根据组中条件累积的先前值聚合有序数据帧 (pandas)
aggregation of an ordered dataframe based on conditional accumulated previous values in a group (pandas)
我有一个有序的数据框,我试图通过一些分组列并基于其他列的累积先前值来聚合它。
df = pd.DataFrame({'ID':['ID1','ID1','ID1','ID1','ID1','ID2','ID2','ID2','ID2']
, 'Group':['Group1','Group2','Group2','Group2','Group1','Group2','Group2','Group2','Group1']

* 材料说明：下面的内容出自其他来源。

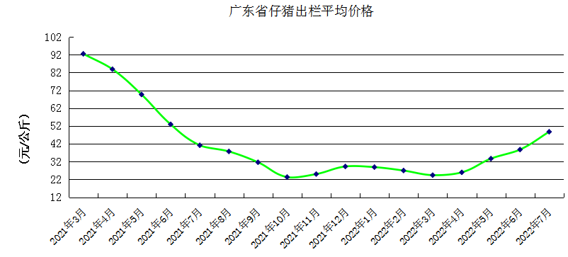 据农业农村部养殖场直联直报信息平台价格监测点数据,2022年7月,我省仔猪出栏平均价格48.74元/公斤,环比上涨25.81%,同比上涨18.39%。
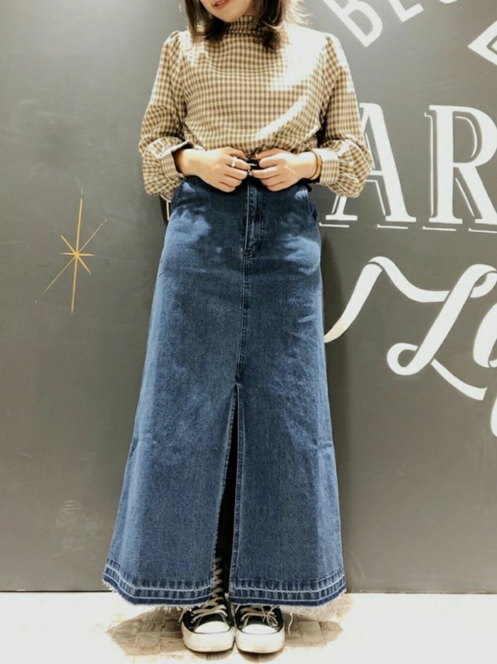 おがのシャツ/ブラウス「ウエストシャーリングハイネックブラウス」を使ったコーディネート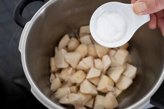 Voeg de Debic Bakken & Braden in de pan, verwarm en voeg vervolgens de gesneden aardpeer toe.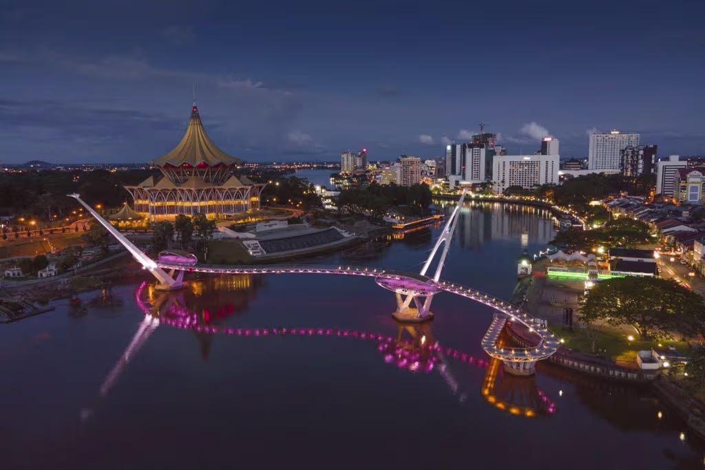The Darul Hana Bridge is an iconic pedestrian bridge in Kuching, Sarawak, spanning the Sarawak River. Opened in 2017, it serves as a prominent landmark connecting the Kuching Waterfront on the south bank with the north bank, where the Astana and the Sarawak State Legislative Assembly building are located.

, 'Value1':[0,1,1,1,1,1,0,0,0]
, 'Value2':[1,2,3,4,5,4,3,2,2]})
df
ID Group Value1 Value2
0 ID1 Group1 0 1
1 ID1 Group2 1 2
2 ID1 Group2 1 3
3 ID1 Group2 1 4
4 ID1 Group1 1 5
5 ID2 Group2 1 4
6 ID2 Group2 0 3
7 ID2 Group2 0 2
8 ID2 Group1 0 2
我想使用 Value1 和 Value 2 按 ID 和组分组的三种不同方式进行聚合。
df 已经订购(基于日期、ID 和组)
Output1: count the number of 1s in previous rows of Value1, by ID and Group (excluding the row itself)
Output2: sum the value of previous rows of Value2, by ID and Group (including the row itself)

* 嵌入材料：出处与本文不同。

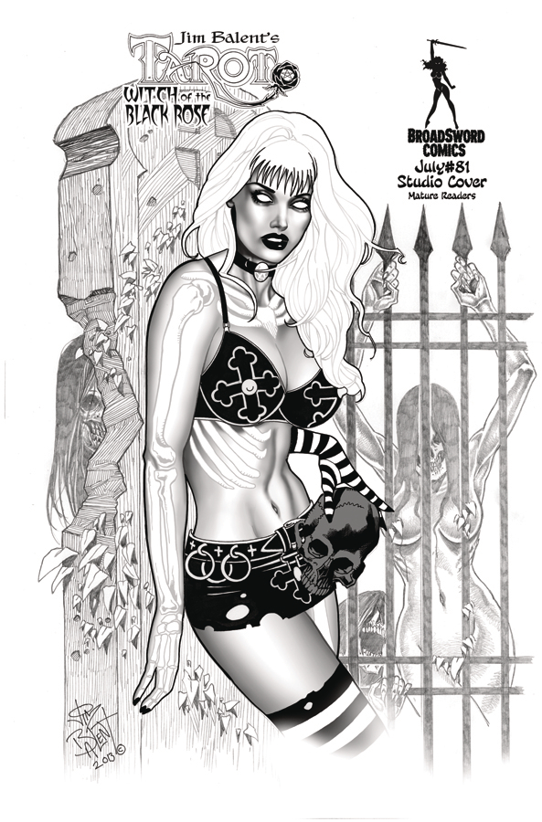 Tarot #81 features Jim Balent's Graveyard Gal, Crypt Chick. This collected set will be bagged and boarded with an art print of the same illustration in a ghoulishly glamorous sky-clad version. To see art print visit jimbalent.com.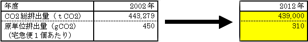 | ヤマト運輸は2012年度も企業として成長を維持しながら、CO2排出量総量を2002年度比で99%に抑制します。そのために、原単位排出量(宅急便1個あたり)のCO2排出量を、30%削減します。 |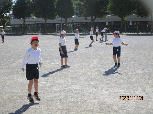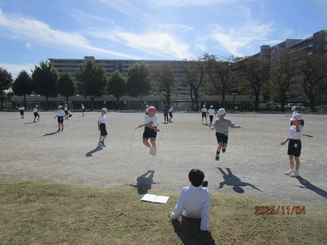 1組の体育は、校庭でのなわとびの授業です。青空のもと、子供たちはグループで見合いながら、なわとびカードの技を練習していました。校内は音楽会モードですが、子供たちは体力向上にも一生懸命に取り組んでいます。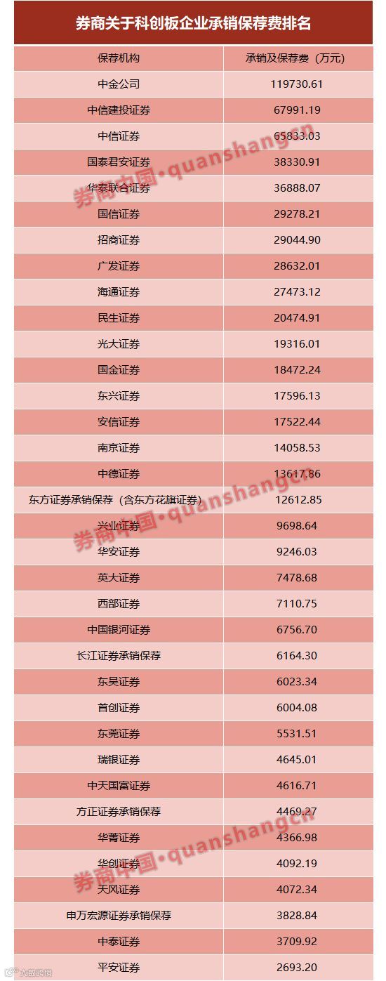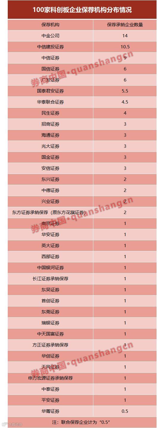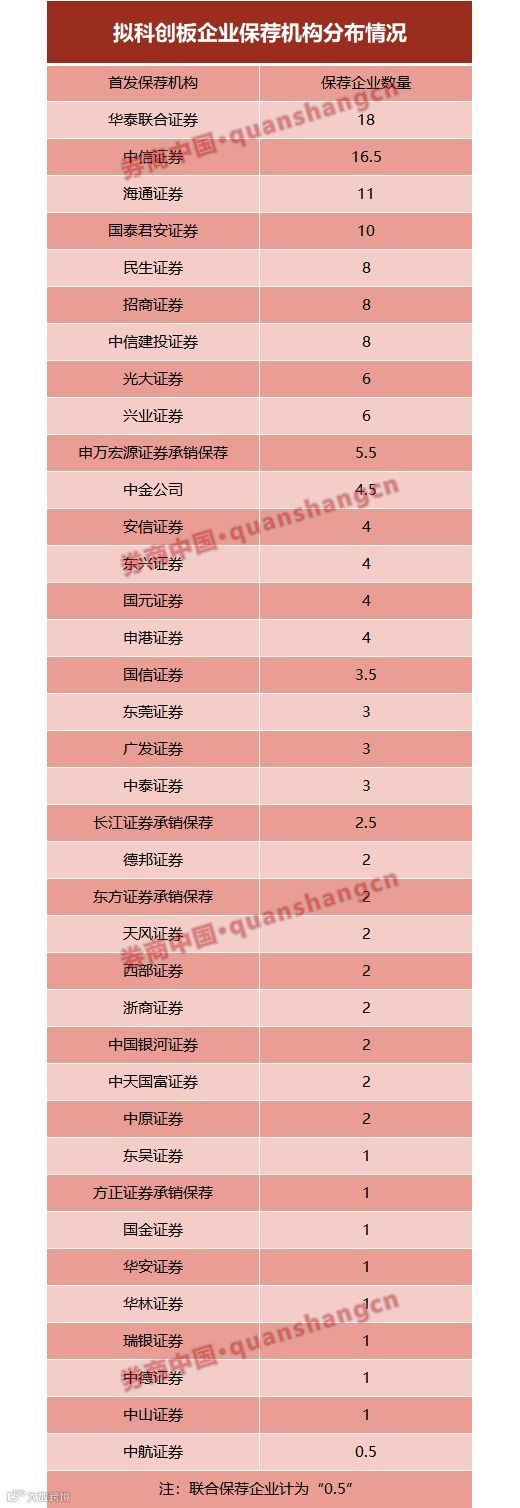 此外,国泰君安、国信证券、广发证券分别保荐6家科创板企业,华泰联合证券保荐5家,民生证券保荐4家。

Output3: sum Value2 of previous rows, by ID and Group, if Value1 of those previous rows is 1 (excluding the row itself)
这是我想要的输出:
ID Group Value1 Value2 Output1 Output2 Output3
0 ID1 Group1 0 1 0 1 NaN
1 ID1 Group2 1 2 0 2 NaN
2 ID1 Group2 1 3 1 5 2
3 ID1 Group2 1 4 2 9 5
4 ID1 Group1 1 5 0 6 NaN
5 ID2 Group2 1 4 0 4 NaN
6 ID2 Group2 0 3 1 7 4
7 ID2 Group2 0 2 1 9 4
8 ID2 Group1 0 2 0 2 NaN
为了确保清楚我要做什么,让我们看一下输出索引 3(第四行)
3 ID1 Group2 1 4 2 9 5
Output1 = 2 because there are two rows above it in ID1/Group2 that has
Value1 = 1.
Output2 = 9 because the sum of Value2 of all rows above it in
ID1/Group2, including the row itself is (2+3+4 = 9).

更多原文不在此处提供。